Near the rostral border of the pons, the Gowers bundle “shifts” dorsally and through the superior medullary velum, the fibers that crossed in the spinal cord “return” to their side and through the superior cerebellar peduncle reach their end point in the cortex of the upper part of the vermis.
Thus, unconscious proprioceptive sensitivity is transmitted to the cerebellum on the same side of the body.
Common to the described proprioceptive pathways is the localization of the body of the first neuron in the spinal ganglion, the second in the nuclei of the spinal cord, and the third in the cortex of the cerebellar vermis.
2.3. Pathway of conscious proprioceptive sensitivity (“motor” analyzer)
The proprioceptive field (a set of proprioceptors), the path of conscious proprioceptive sensitivity and the area of the cerebral cortex into which the receptive field of the musculoskeletal system is projected were previously united under the name “motor analyzer”. This name is clearly unfortunate, since it contradicts the very idea of I.P.
Pavlov, who described the analyzer as an exclusively sensory, sensitive system. Therefore, if we use the term “motor analyzer,” it should be interpreted as an analyzer whose receptor field is located in the structures of the musculoskeletal system, including skeletal muscles.
It would be more correct to call this analyzer proprioceptive, but so far this term has not become widespread.
The “motor” (proprioceptive) analyzer evaluates muscle tone, the position of body parts in space, the presence of gravity and vibration.
Receptors are localized in skeletal muscles, bones, and bone joints.

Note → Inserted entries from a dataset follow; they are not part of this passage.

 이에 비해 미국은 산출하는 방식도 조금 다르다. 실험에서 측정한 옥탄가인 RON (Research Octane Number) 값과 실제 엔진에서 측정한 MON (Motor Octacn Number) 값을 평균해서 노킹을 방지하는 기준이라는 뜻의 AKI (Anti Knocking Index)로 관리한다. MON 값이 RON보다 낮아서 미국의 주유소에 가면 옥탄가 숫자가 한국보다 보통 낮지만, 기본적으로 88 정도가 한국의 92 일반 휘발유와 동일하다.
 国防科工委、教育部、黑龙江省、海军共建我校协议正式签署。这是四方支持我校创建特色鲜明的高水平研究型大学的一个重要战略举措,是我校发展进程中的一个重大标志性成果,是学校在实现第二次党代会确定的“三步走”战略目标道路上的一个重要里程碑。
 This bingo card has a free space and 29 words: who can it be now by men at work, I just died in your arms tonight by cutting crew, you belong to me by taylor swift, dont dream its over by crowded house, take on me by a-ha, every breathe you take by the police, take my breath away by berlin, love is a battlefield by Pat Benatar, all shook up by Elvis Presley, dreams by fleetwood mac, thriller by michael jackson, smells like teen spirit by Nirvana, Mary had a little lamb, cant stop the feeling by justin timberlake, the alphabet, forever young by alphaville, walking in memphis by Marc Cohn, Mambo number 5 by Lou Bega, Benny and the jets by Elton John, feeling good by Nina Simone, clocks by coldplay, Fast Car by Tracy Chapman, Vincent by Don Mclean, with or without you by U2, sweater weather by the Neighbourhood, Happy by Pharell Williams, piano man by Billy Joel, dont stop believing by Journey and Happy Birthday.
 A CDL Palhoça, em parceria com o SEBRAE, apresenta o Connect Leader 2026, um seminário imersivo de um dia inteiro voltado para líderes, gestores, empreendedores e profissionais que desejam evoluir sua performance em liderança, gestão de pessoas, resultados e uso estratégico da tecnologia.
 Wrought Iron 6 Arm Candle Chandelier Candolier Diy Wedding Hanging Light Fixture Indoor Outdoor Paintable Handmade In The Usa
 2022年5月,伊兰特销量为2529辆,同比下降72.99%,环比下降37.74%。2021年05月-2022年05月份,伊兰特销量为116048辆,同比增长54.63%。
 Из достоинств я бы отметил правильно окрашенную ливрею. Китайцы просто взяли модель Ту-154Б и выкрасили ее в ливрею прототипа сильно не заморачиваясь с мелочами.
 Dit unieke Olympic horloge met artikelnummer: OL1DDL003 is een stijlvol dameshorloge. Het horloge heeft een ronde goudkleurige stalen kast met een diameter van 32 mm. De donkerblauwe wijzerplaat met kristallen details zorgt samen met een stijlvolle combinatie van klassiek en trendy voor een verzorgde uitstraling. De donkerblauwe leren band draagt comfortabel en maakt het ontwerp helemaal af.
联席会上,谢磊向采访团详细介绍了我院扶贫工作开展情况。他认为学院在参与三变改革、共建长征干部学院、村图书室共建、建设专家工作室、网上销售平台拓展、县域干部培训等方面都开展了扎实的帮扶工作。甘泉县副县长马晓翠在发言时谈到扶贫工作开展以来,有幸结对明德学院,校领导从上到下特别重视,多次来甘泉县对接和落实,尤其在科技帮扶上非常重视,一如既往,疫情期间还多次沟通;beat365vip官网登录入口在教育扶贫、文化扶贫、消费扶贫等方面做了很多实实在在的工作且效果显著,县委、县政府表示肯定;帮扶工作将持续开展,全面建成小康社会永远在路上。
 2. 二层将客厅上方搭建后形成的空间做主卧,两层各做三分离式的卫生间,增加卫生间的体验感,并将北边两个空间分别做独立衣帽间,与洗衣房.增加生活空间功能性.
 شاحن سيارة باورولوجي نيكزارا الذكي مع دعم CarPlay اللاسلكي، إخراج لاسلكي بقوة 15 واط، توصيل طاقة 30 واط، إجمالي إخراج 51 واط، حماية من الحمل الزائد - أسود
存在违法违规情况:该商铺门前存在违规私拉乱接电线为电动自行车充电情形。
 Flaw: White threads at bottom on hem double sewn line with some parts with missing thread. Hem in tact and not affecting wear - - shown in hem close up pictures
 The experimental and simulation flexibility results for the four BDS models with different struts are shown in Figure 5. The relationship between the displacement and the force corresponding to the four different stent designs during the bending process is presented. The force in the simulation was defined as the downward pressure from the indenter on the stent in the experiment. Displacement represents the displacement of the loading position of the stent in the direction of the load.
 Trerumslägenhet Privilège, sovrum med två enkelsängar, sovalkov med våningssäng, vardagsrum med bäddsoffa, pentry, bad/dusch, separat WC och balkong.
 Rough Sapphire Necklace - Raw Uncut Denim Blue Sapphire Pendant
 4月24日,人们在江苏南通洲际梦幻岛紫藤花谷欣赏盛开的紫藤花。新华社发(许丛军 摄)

The conductor is a chain of three neurons. The body of the first pseudounipolar neuron is found in all spinal ganglia. Peripheral processes participate in the formation of spinal nerves and their branches that innervate the organs of the musculoskeletal system (Fig. 7).
Rice. 7. “Motor” (proprioceptive) analyzer: 1 - muscles of the neck, upper torso and upper limbs, 2 - muscles of the lower torso and lower extremities, 3 - spinal nodes (I), 4 - thin fasciculus of Gaulle, 5 - wedge-shaped fasciculus Burdakha, 6 - thin nucleus (II), 7 - cuneate nucleus (II), 8 - internal arcuate fibers, 9 - medial lemniscus, 10 - ventrolateral nuclei of the thalamus (III), 11 - thalamocortical pathway, 12 - precentral gyrus, postcentral gyrus , superior parietal lobule (IV)
Source: //medread.ru/anatomiya_provodyashhix_putej_nervnoj_sistemy/3/
Posterior and anterior spinocerebellar tracts
The previous article examined the path of nerve impulses from the peripheral parts of the nervous system
to the spinal cord, and now consider the further passage of nerve impulses through the central nervous system.
Entrance zone of nerve roots and dorsal horn
. Sensory fibers enter the spinal cord through the dorsal root input zone (Redlich-Obersteiner area) and then send off numerous collaterals that form synaptic contacts with other neurons in the spinal cord. Each bundle of fibers belonging to a specific type of sensitivity is assigned its own place in the spinal cord.
It should be noted that as the afferent fibers pass
through the entrance zone of the root and the dorsal horn, their myelin sheath becomes significantly thinner.
Moreover, the type of myelin also changes from the peripheral parts of the nervous system to the central ones, since there myelin is no longer formed by lemmocytes, but by oligodendrocytes.
Now let's look in detail at each of the afferent (ascending) pathways
, carrying impulses of various types of sensitivity in the spinal cord.
Some nerve impulses
, originating in the musculoskeletal system (muscles, tendons and joints), ascend along the spinocerebellar tracts to the cerebellum, which is the center of balance and coordination. Each half of the spinal cord contains two spinocerebellar tracts - anterior and posterior.
Posterior spinocerebellar tract (flexig tract)
. After fast-conducting group IA fibers from the muscle spindles and tendon organs enter the spinal cord, they divide into numerous collaterals. Some of these collateral fibers form direct synaptic contacts with the bodies of large a-motoneurons in the anterior horns (monosynaptic reflex arc).
Other collateral fibers
, ascending from the thoracic, lumbar and sacral levels, ending in a pillar-like nucleus lying at the base of the dorsal horns between segments C8-L2 and known variously as the lateral intermediate column, thoracic nucleus, thoracic column, Clark's column or Stilling's nucleus.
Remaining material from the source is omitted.